# My Carrier furnace is driving me crazy



## #CARRIERMAN (Oct 18, 2006)

Hi hifiuser

Not sure why someone would even suggest getting away from a 90 plus furnace, other than they are not paying the gas bill or they have no idea how to fix yours. Give me a little more detail, what it sound like top me is you need to fire your HVAC guy and find a certified one that knows what they are doing. Give me a model, series and a good explination of what is going on and I will give you what you need to get that furnace back up to par.

Good luck
Rusty


----------



## hifiuser (Feb 8, 2007)

Hi Rusty,

I will email you on the details and model# later today .. thanks for your help in advance. The repair shop is a Carrier dealer and they are coming to have a look at the problem in 2 hours.

regards,
Tom


----------



## hifiuser (Feb 8, 2007)

Hi Rusty,

The model # of my Carrier furnace is 58MXA080 and it was installed in 1994 together with a Carrier A/C. I mentioned the A/C because the coil is sitting on top of the furnace and the recent motor burn caused the furnace surrounding metal to heat up so much that it actually melted some of 
the rubber around the A/C coil (this was discovered today). 
I am not handy with the furnace and have to rely on the repair man. I will recount the event leading up to today's conclusion. 
· Monday morning woke up with smoke everywhere, furnace very hot and not working. Carrier repairman show-up and told me the motor and the limiter has gone bad. 
· The motor was replaced in the afternoon. 
· I discovered later that night that the furnace went non-stop in very short cycle (about 10 mins). By that I mean it will start with the vent motor, gas burning, blow motor activating .. . and then the burn stops and the blow motor stop and then it will start all over with the vent motor again.
· The truth came out this afternoon. The vent motor start making loud noises and finally died. 
· As I mentioned earlier the coil’s rubber was damaged and water would leak into the furnace during summer cooling . I was told that the whole coil unit will have to be replace since Carrier do not have a part for the rubber. 

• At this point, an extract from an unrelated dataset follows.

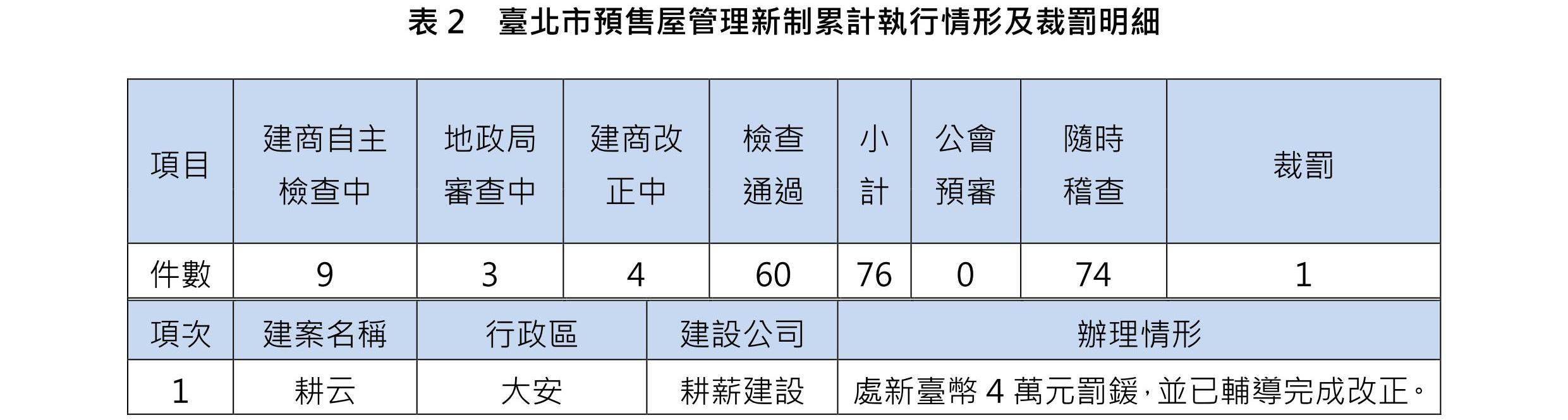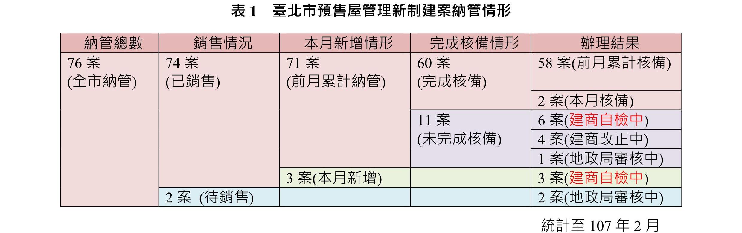 臺北市於106年3月1日正式推出預售屋管理新制,目的在納管臺北市建案契約應符合內政部公布之定型化契約應記載及不得記載事項,主要有四大內容,分別為一、自主檢查;二、公會預審;三、隨時稽查;四、即時公布。截至107年2月底止,該期間市場之預售建案契約已全數納管,包括銷售中及即將銷售之建案,共計納管76案,尚無未配合新制之業者。其中,經地政局核備完成之建案契約共計60案;未完成核備計11案(建商自主檢查中計6件,建商改正中計4件,地政局審核中1案);另本月新增3案銷售中建案,均由建商自主檢查中;新增2案即將銷售之建案,建商均已報地政局審核中(表1)。地政局並就完成核備之建案實地複查,複查結果計1件建案不合格,業已裁處新臺幣4萬元整(表2)。

I am thinking of replacing the whole furnace because I am sick and tired of replacing parts once every 2 years. I am on my third circuit board and god knows what will happen next. 
The comment about high-efficiency furnace not reliable was actually made by a friend who has a lot of problems with his unit too. What is your opinion on this subject and should I stay with Carrier again or something else?

Regards
Tom


----------



## rakes9720 (Dec 13, 2006)

High efficiency furnaces are supposed to last longer, and you save a lot more money - especially in Toronto where it gets cold in the winter. Carrier is a very good brand. As long as any furnace is installed properly and maintained properly, it will last a long time.


----------



## #CARRIERMAN (Oct 18, 2006)

Hi hifiuser

If you are talking about the drain pan on the evaporator, it can be replaced. If you will give me the model of the evaporator coil I will look up the part number for you. It should be a CK5AXA or BXA coil, I will need all of the number on the evap though. As far as the furnace, I have the exact same one in the upstairs of my house I installed in 1998. The only thing other than the yearly check and monthly filter changes I have ever had to do to this furnace is change out the board, that was due to lightning though. You have a excellent furnace, I think you would be dramatically dissapointed in something else.

Good luck
Rusty


----------



## hifiuser (Feb 8, 2007)

Hi Rusty,

What kind of yearly check do you need on this kind of furnace? 

Regards,
Tom


----------